What the exercise asks:
Which of the lines below include "提升學生的自信心"? Each one should be copied out.

START Study material

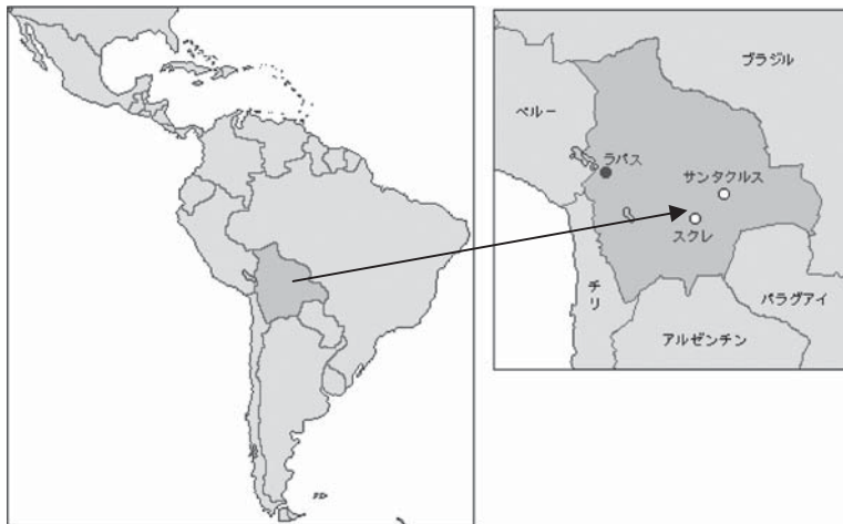
図1 チュキサカ県スクレ市
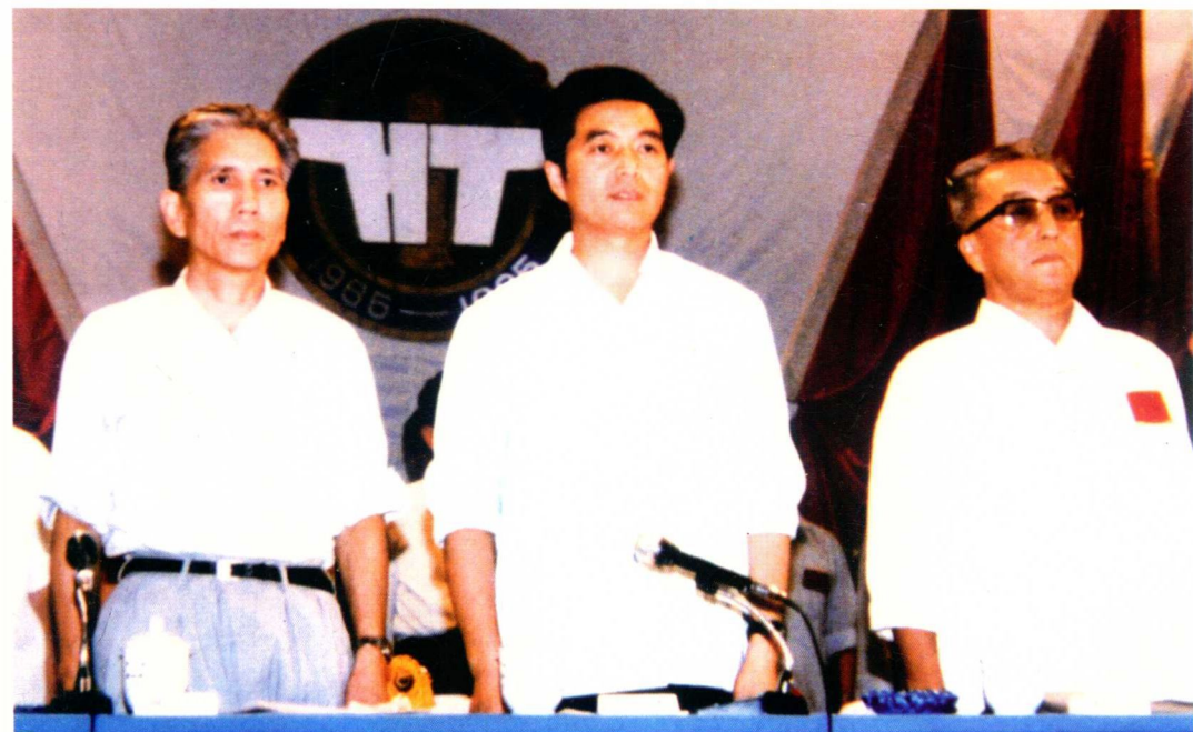
1985年9月5日，中共中央总书记（时任贵州省委书记）胡锦涛（图中）出席〇六一基地成立20周年大会
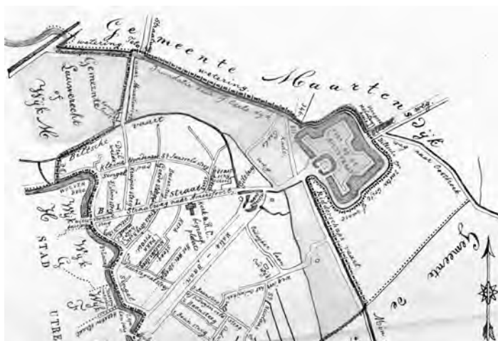
Fig. 1 Uitsnede uit een plattegrond van het noordoosten van Utrecht (Abstede). Het grondgebied dat in 1830 overging van Utrecht naar Maartensdijk is grijs 'ingekleurd'. Datering: 1859.

opstelden, leidden uiteindelijk in 1829 tot een overeenkomst. Namens Utrecht werd die ondertekend door burgemeester
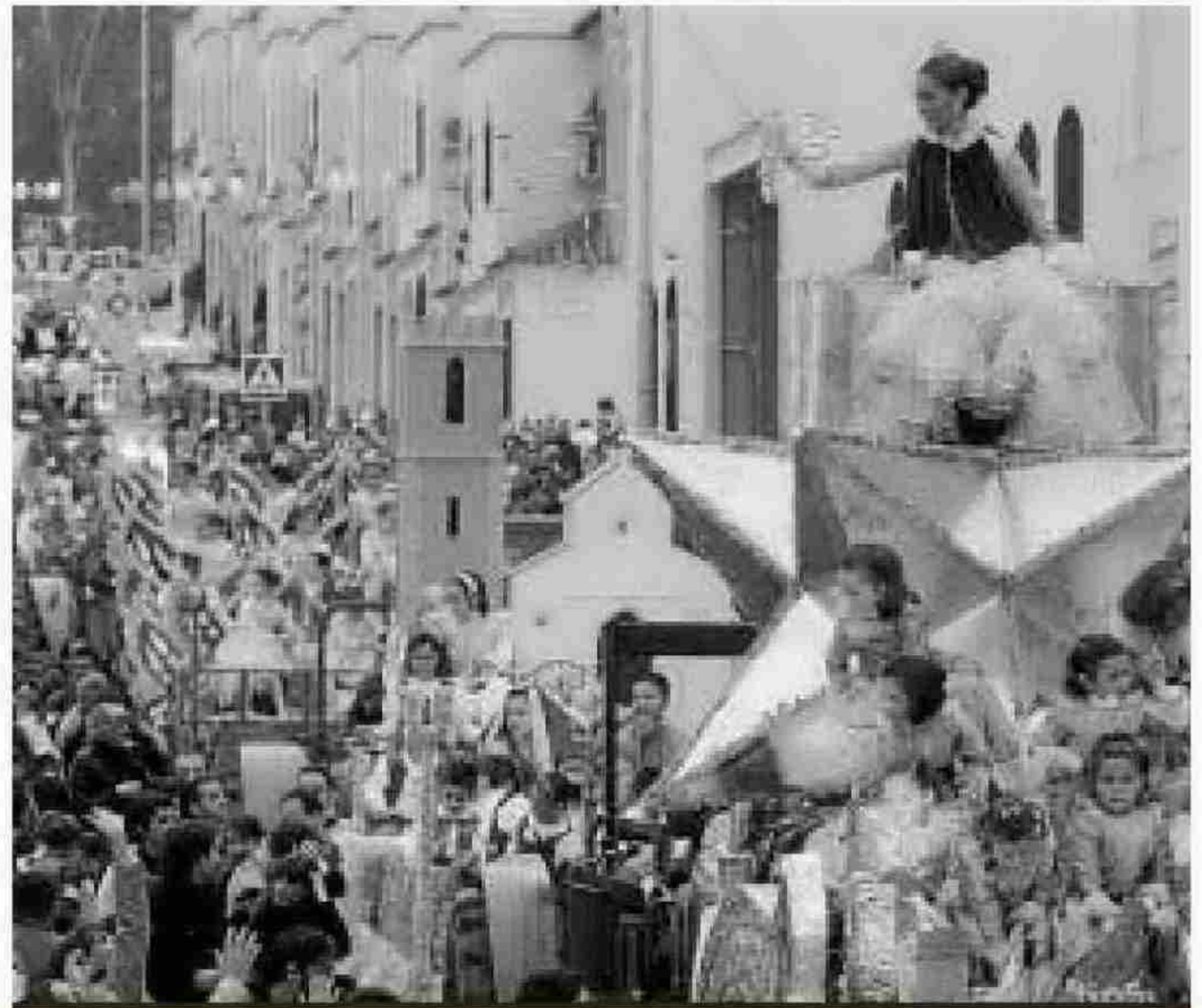
Castilleja de la Cuesta. La Banda de Cornetas y Tambores Nuestro Padre Jesús de los Remedios y la Agrupación Musical María Inmaculada ponen música a esta cabalgata.
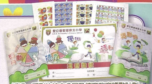
透過一系列的校本公民及德育教育獎勵計劃，提升學生的自信心，建立校園的關愛文化。

針對關注事項三，今學年，校方仍會善用早禱、周會、班任課及成長課，以「關愛」為重點主題，進行生命教育課。同時，亦透過一系列的校本成長計劃，如服務生培訓、校本公民及德育教育獎勵計劃（如「關愛行動」及「守時我至醒」等各項校本獎勵計劃）、義工服務計劃等，提升學生的自信心，建立校園的關愛文化。又為學生舉辦多類型的資訊講座（如濫用藥物、健康資訊及網上欺凌等），以及開心水果日活動，提升學生的認知層面，並讓學生從參與中實踐關愛。在靈育培養方面，校方更透過定期性早禱、周會、宗教課及各項宗教活動（如禮儀崇拜、紅土黃田聯校探訪社會服務機構、聯校團契活動及午間團契活動等），讓學生體會神的慈愛與大能，憐憫與寬恕，增進學生靈育成長，建立正面人生價值觀。
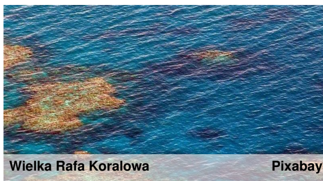
Wielka Rafa Koralowa
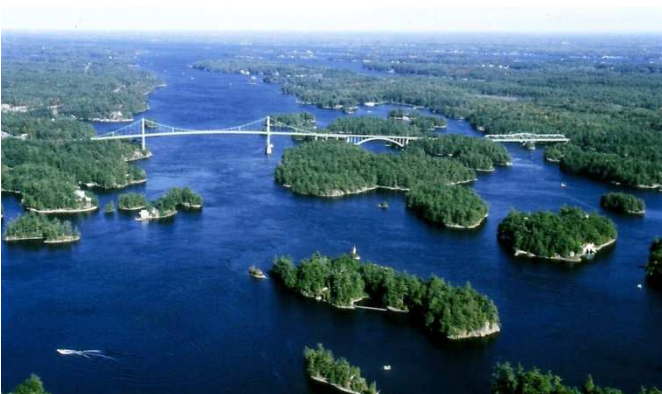
Crucero de las 1.000 islas
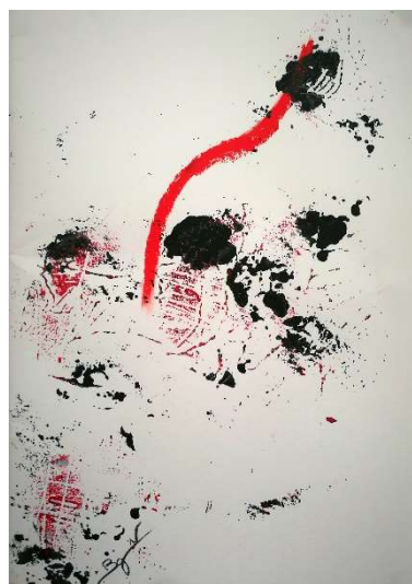
Acrylique sur papier, 2017, 42 x 29.7
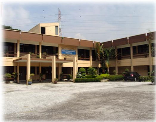
Kompleks DVS Selangor dan Makmal Diagnosa Veterinar Petaling Jaya dari tahun 1971-1993.

Untuk memenuhi hasrat Kerajaan Negeri yang mahukan semua Ibu Pejabat Jabatan Kerajaan Negeri dipusatkan di Ibu Negeri Selangor, iaitu di Bandaraya Shah Alam, maka pada bulan Oktober tahun 1993 Ibu Pejabat Perkhidmatan Haiwan Negeri Selangor telah berpindah ke bangunan barunya yang terletak di Lot 2 Jalan Utas 15/7, Seksyen 15, 40630 Shah Alam. Melalui Penjenamaan semula Jabatan ini kemudiannya diikenali sebagai Jabatan Perkhidmatan Veterinar Negeri Selangor atau ringkasnya DVS Selangor
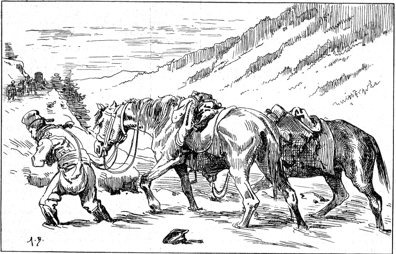
Von der Grenzbesetzung 1870/71: Französische Kavallerie im Schnee.

Widelhaube. Das sollte sagen: hier ist neutrales Land. Beidseitig zogen sich der Straße entlang vier flasterhohe Gewehrbeigen. Haufen von Patrontaschen, Trommeln, Signalhörnern, Kürassen, Lederzeug und anderen Ausrüstungsgegenständen wie Säbel, Lanzen, Revolver und Munition lagen daneben. Etwas strahabseits lagen in Haufen die den Franzosen abgenommenen Fleischstücke, frisches Rindfleisch, das hier zu Grunde ging, da es nun liegen blieb und schlecht wurde. Die Verpflegung der französischen Truppen, wenigstens des Teiles, der bei St. Croix übertrat, stand gewiß nicht schlecht. Schlimmer war es mit der Verpflegung der armen Pferde bestellt.
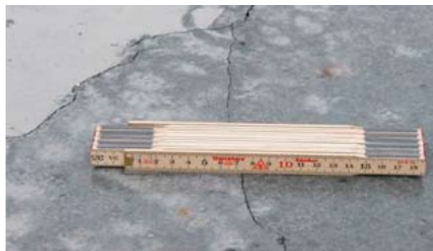
Figur 9. Revner pga. manglende udtørningsbeskyttelse.

Hvis overfladen er færdiggjort som juttet overflade, vil der gå nogen tid (3 - 4 timer), inden den kan tildækkes med en plastfolie, da det ellers vil medføre mærker fra folien.
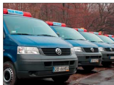
Nowoczesny tabor pogotowia wodociągowo-kanalizacyjnego.
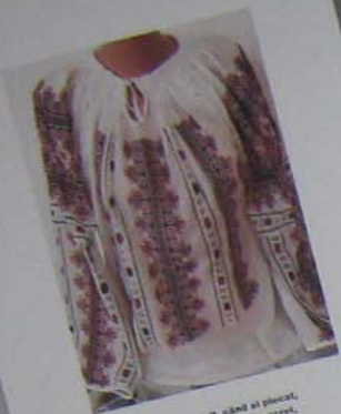
Când ai venit, când ai plecat, Nu poți avea nici un secret, Căci Rumâni e un sat, Și tacutul e deosebit.
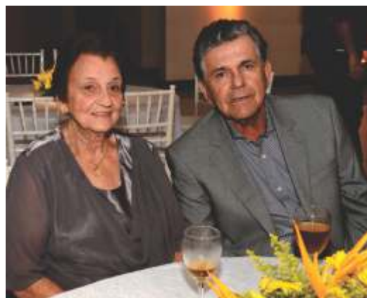
Orlando e esposa
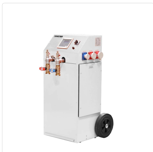
Master WB 20 – scaldacqua portatile

Consigliato per: emergenza in caso di guasto dell'impianto di riscaldamento, protezione antigelo, riscaldamento funzionale per il collaudo di nuovi impianti a caldaia, asciugatura del massetto.
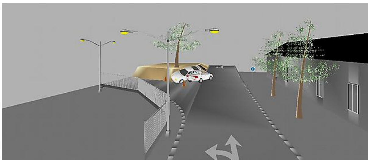
Ryc. 5. Widok miejsca wypadku drogowego w rzucie 3D.

Mając tak wykonany szkic miejsca zdarzenia drogowego, na którym występują łuki, wzniesienia, czy też rozbudowana infrastruktura drogowa policjant może stworzyć bazę takich miejsc i korzystać z niej podczas kolejnych zdarzeń, gdzie na gotowy szkic naniesie samą sytuację na drodze nie tracąc czasu na pomiary samej drogi.
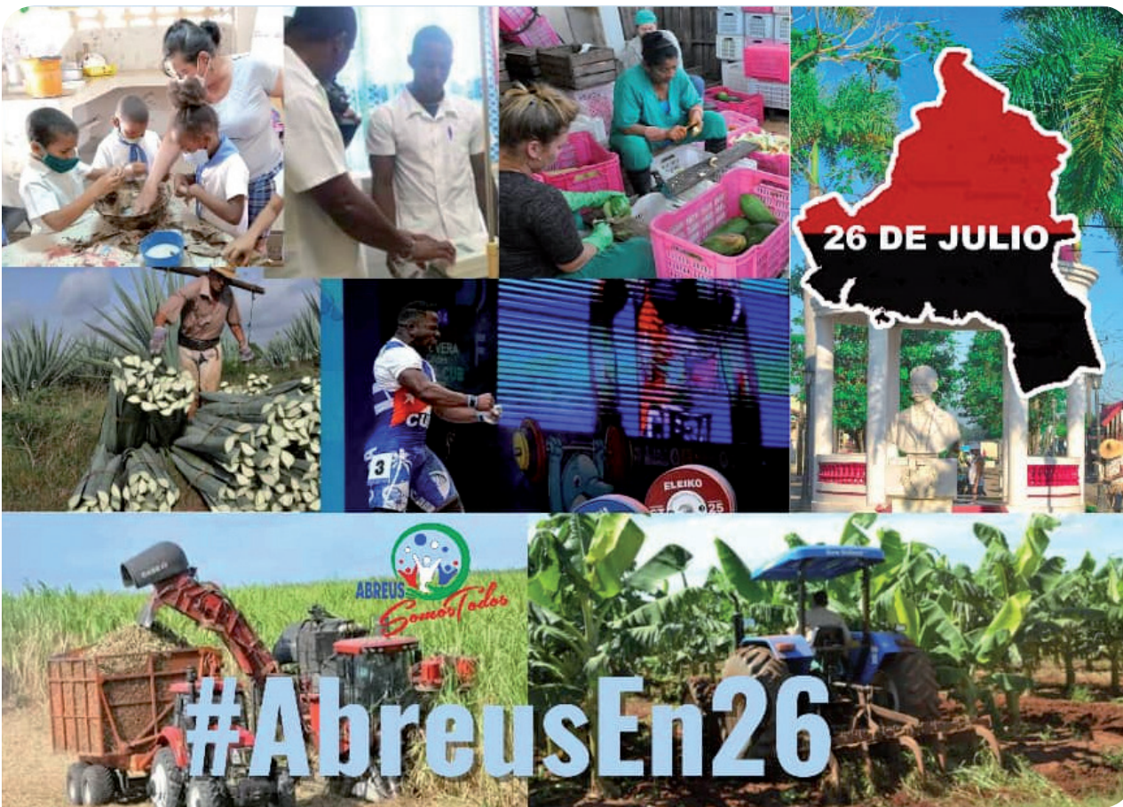
Abreus, municipio ganador de la sede del 26 en Cienfuegos.

lebración del acto provincial en nuestro territorio Destacado Nacional, a las puertas del aniversario 70 del asalto a los cuarteles Moncada y Carlos Manuel de Céspedes.
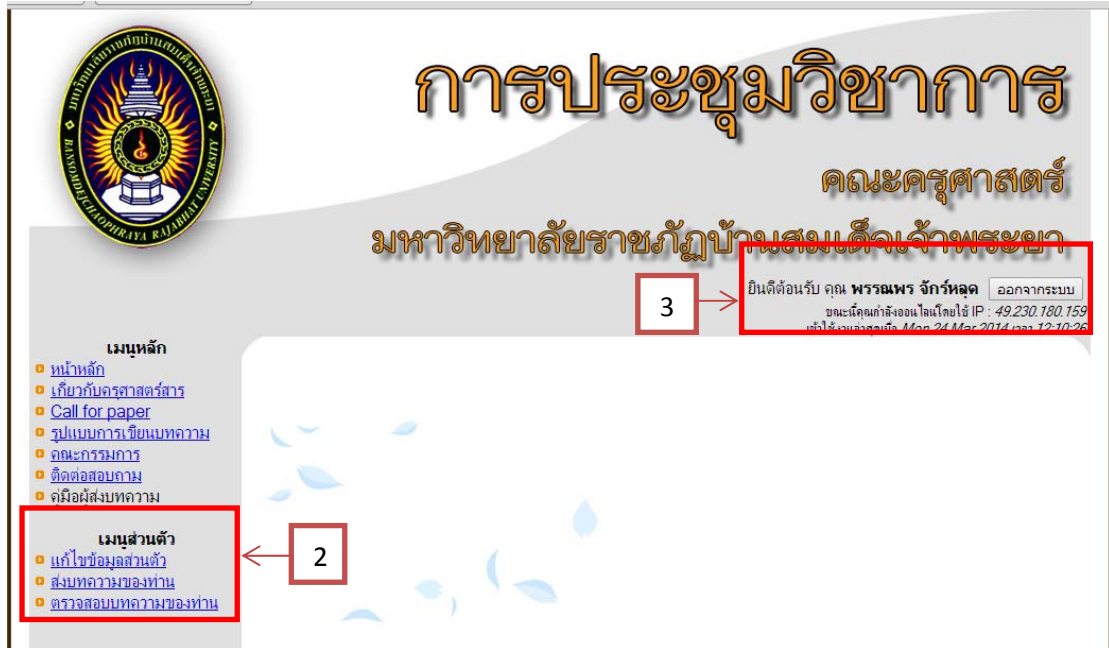
ภาพที่ ค-4 หน้าเข้าสู่ระบบ

4. เมื่อ Login มาแล้วจะมีเมนูผู้ใช้งานอยู่ใต้กลุ่มเมนูหลักตามหมายเลข 2 และขึ้นชื่อผู้ใช้งานตามหมายเลข 3
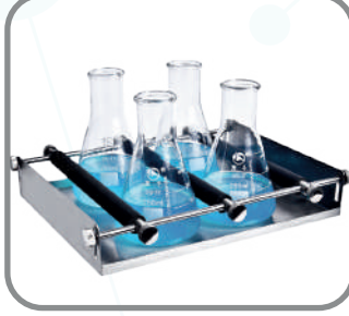
Universal platform, Ayarlanabilir bar ile birlikte MUP-12
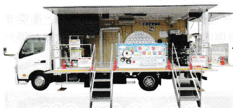
セーフティプラザ ヒコア
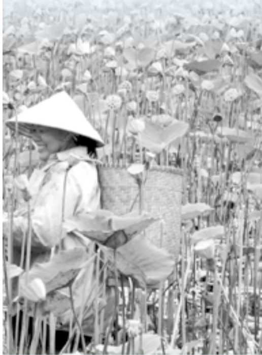
lấy ngó sen.

END Study material

Your solution:
透過一系列的校本公民及德育教育獎勵計劃，提升學生的自信心，建立校園的關愛文化。
針對關注事項三，今學年，校方仍會善用早禱、周會、班任課及成長課，以「關愛」為重點主題，進行生命教育課。同時，亦透過一系列的校本成長計劃，如服務生培訓、校本公民及德育教育獎勵計劃（如「關愛行動」及「守時我至醒」等各項校本獎勵計劃）、義工服務計劃等，提升學生的自信心，建立校園的關愛文化。又為學生舉辦多類型的資訊講座（如濫用藥物、健康資訊及網上欺凌等），以及開心水果日活動，提升學生的認知層面，並讓學生從參與中實踐關愛。在靈育培養方面，校方更透過定期性早禱、周會、宗教課及各項宗教活動（如禮儀崇拜、紅土黃田聯校探訪社會服務機構、聯校團契活動及午間團契活動等），讓學生體會神的慈愛與大能，憐憫與寬恕，增進學生靈育成長，建立正面人生價值觀。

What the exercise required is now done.